The reason I am writing all this now is because after my HDD crashed in 2021, I purchased a new one and now it seems like it is already failing! It has just been 1.5 years since I purchased it so this is just plain bad luck. The drive has a 3-year limited warranty from Seagate. So if it is really failing I have to figure out how to claim the warranty. According to seagate, I have warranty until 22 June 2024.
The drive is not making any clicking noise, so that is a good sign, but the S.M.A.R.T. (Self-Monitoring, Analysis, and Reporting Technology) data is showing a lot of errors all of a sudden. It all started when I noticed a drop in transfer rate when I was copying files from my laptop to the media center drive. I immediate ran
smartctl -d sat -A /dev/sda and got this report –
=== START OF READ SMART DATA SECTION === SMART Attributes Data Structure revision number: 10 Vendor Specific SMART Attributes with Thresholds: ID# ATTRIBUTE_NAME FLAG VALUE WORST THRESH TYPE UPDATED WHEN_FAILED RAW_VALUE 1 Raw_Read_Error_Rate 0x000f 082 064 006 Pre-fail Always - 157994840 3 Spin_Up_Time 0x0003 093 092 000 Pre-fail Always - 0 4 Start_Stop_Count 0x0032 100 100 020 Old_age Always - 84 5 Reallocated_Sector_Ct 0x0033 100 100 010 Pre-fail Always - 0 7 Seek_Error_Rate 0x000f 082 060 045 Pre-fail Always - 147834287 9 Power_On_Hours 0x0032 084 084 000 Old_age Always - 14048 (116 115 0) 10 Spin_Retry_Count 0x0013 100 100 097 Pre-fail Always - 0 12 Power_Cycle_Count 0x0032 100 100 020 Old_age Always - 84 183 Runtime_Bad_Block 0x0032 100 100 000 Old_age Always - 0 184 End-to-End_Error 0x0032 100 100 099 Old_age Always - 0 187 Reported_Uncorrect 0x0032 100 100 000 Old_age Always - 0 188 Command_Timeout 0x0032 100 100 000 Old_age Always - 1 189 High_Fly_Writes 0x003a 100 100 000 Old_age Always - 0 190 Airflow_Temperature_Cel 0x0022 053 045 040 Old_age Always - 47 (Min/Max 46/48) 191 G-Sense_Error_Rate 0x0032 100 100 000 Old_age Always - 0 192 Power-Off_Retract_Count 0x0032 100 100 000 Old_age Always - 118 193 Load_Cycle_Count 0x0032 095 095 000 Old_age Always - 10241 194 Temperature_Celsius 0x0022 047 055 000 Old_age Always - 47 (0 23 0 0 0) 195 Hardware_ECC_Recovered 0x001a 082 064 000 Old_age Always - 157994840 197 Current_Pending_Sector 0x0012 100 100 000 Old_age Always - 0 198 Offline_Uncorrectable 0x0010 100 100 000 Old_age Offline - 0 199 UDMA_CRC_Error_Count 0x003e 200 200 000 Old_age Always - 0 240 Head_Flying_Hours 0x0000 100 253 000 Old_age Offline - 10023 (58 57 0) 241 Total_LBAs_Written 0x0000 100 253 000 Old_age Offline - 28623651524 242 Total_LBAs_Read 0x0000 100 253 000 Old_age Offline - 29879414367
You will notice a lot of
Raw_Read_Error_Rate errors which are compensated by
Hardware_ECC_Recovered. It seems like some data corruption is happening and the data is being error corrected. So far there has been no loss of data, just that the drive read speed is sometimes 1 MB/s and at other times it is 100 MB/s. You will also notice a high
Seek_Error_Rate but not many
Reallocated_Sector_Ct. Either way, I know it is heading towards disaster. If any of you encountered such a problem, please let me know. If all else fails, I will have to fork out Rs. 16,000 to buy a new drive unfortunately :(.

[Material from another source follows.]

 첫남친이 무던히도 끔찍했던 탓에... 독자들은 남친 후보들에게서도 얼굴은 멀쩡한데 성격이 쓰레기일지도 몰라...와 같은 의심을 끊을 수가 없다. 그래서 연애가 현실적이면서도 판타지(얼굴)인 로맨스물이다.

It turns out the slowness in the drive is related to my hard drive being based on SMR (Shingled magnetic recording) technology. After watching a video on the performance spectrum of SMR drives, I figured out that it is best to limit the transfer rate of data to allow the drive to do its shingling (if you can call it that). So now when I transferred data into the drive I used
rsync to limit the transfer rate to 20 MBps. I guess I could try something higher like 40 MBps but I wanted to play it safe for now.

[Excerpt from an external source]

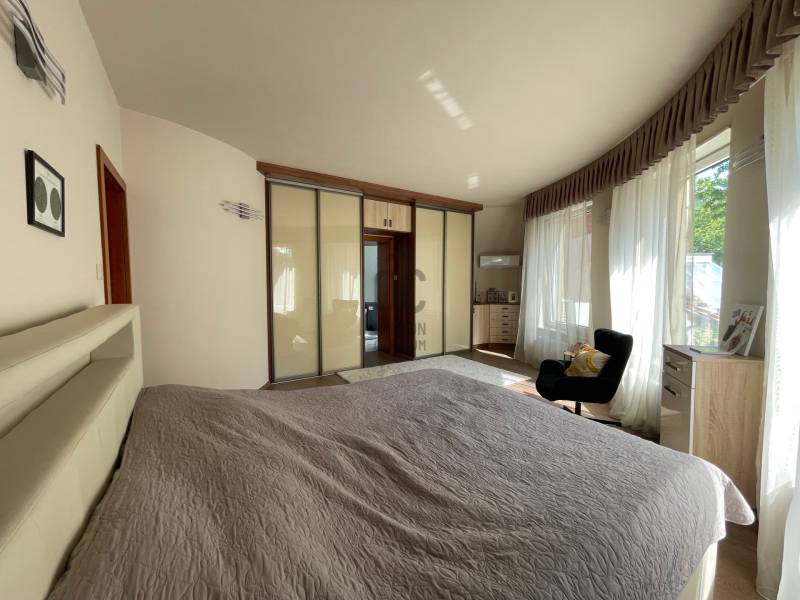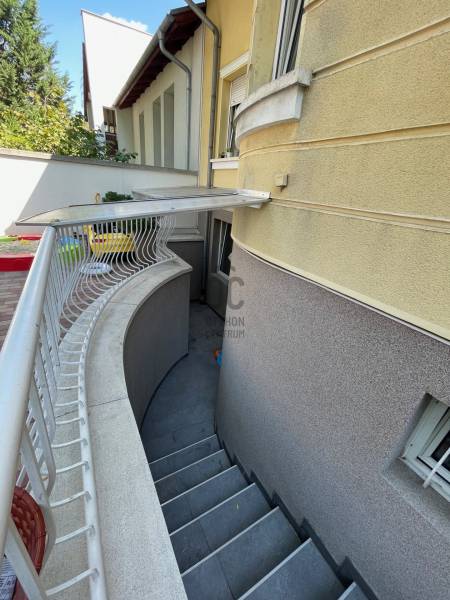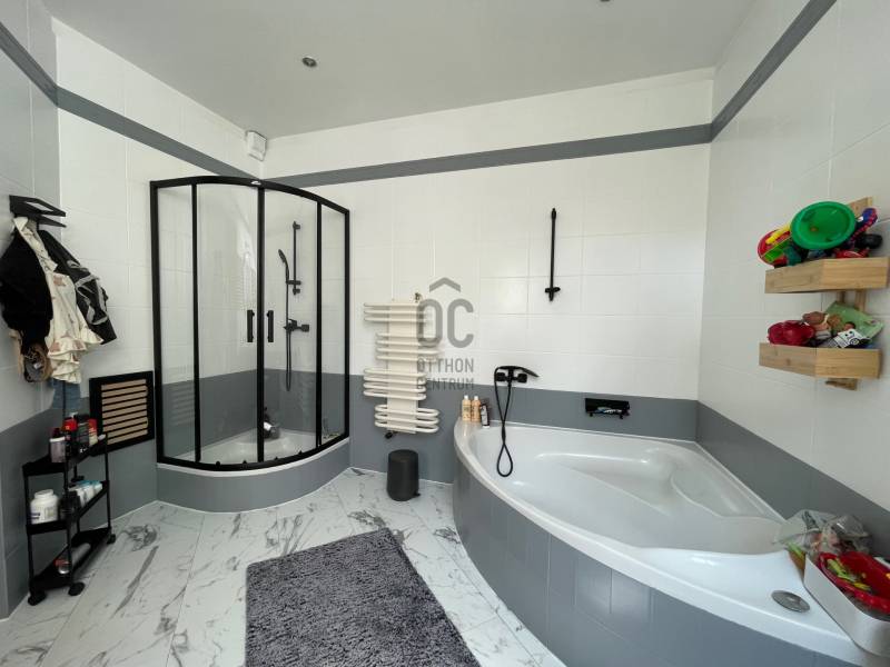 Különleges ajánlat Nagyerdő legkedveltebb részén: Simonyi út mellett elhelyezkedő, bruttó 373 m²-es, önálló családi ház, amelyet a funkciók sokfélesége tesz igazán értékessé. Többgenerációs otthonnak, magánklinikának, irodaháznak vagy cégszékhelynek egyaránt ideális — de aki a Nagyerdő közelségét szereti, családi házként is tökéletes választás. Az elmúlt években a ház korszerűsítése és belső dizájn átalakítása is megtörtént, modern, rendezett, reprezentatív egységet eredményezve.Földszint- Modern nappali–étkező: 35 m²- Gépesített konyha: 8 m²- Gardrób: 5 m²- Előtér, vendég WC- Tágas, részben fedett terasz: 37 m²- Külön bejáratú önálló lakrész: 31 m² (igény szerint könnyen egybenyitható)Tetőtér:- 3 hálószoba: 22 / 19 / 27 m²- 2 fürdőszoba (összesen 17 m²)- Gardrób szoba: 8 m²-2 loggia Szuterén:- Korábban rendelőként használt helyiség: 32 m² (váró, kézmosó, WC kiépítve) - Kazánház + mosókonyha: 11 m²- Tároló: 33 m²- Fürdőszoba: 9 m²- Dupla garázs: 31 m²- Közlekedők, kiszolgáló helyiségek Miért különleges ez az ingatlan?* Rugalmas, többfunkciós alaprajz: külön bejáratú lakrész, rendelő/üzleti helyiség a szuterénben — könnyű átalakíthatóság többféle célra.* Reprezentatív megjelenés: korszerűsítések és belső dizájn frissítései révén akár ügyfélfogadó helyiségnek vagy irodának is alkalmas.* Gyakorlati megoldások: nagy tárolókapacitás, dupla garázs, külön kazánház és mosókonyha.* Nagyerdő közelsége: zöld környezet, séták, sportlehetőségek — vonzó a családoknak és dolgozóknak egyaránt.* Kedvező kombináció: otthon + vállalkozás egy helyen — ideális megoldás például magánrendelő + lakrészként hasznosításra, vagy cégközpont + vezetői lakás egyben.Kinek ajánljuk?Többgenerációs családnak, ahol szükség van külön, mégis kapcsolódó lakóegységre.Orvosi/szakmai rendelőnek, magánklinikának (a korábbi rendelőhelyiség jó alap).Cégnek/irodaháznak, ahol fontos a reprezentatív elhelyezkedés és saját parkolási lehetőség.Olyan vásárlónak, aki szeretné a Nagyerdő nyújtotta életminőséget kombinálni a vállalkozási lehetőségekkel.

I checked the disk completely with
sudo badblocks -b 4096 -wsv /dev/sda which did not report any errors. Then I restored all the data from my backup to my primary and it seems to be working fine. Will report back if I see something alarming. I continue to see high
Raw_Read_Error_Rate but it is being countered by an equal and exact number of
Hardware_ECC_Recovered. The important thing to note is that
Reallocated_Sector_Ct is still zero.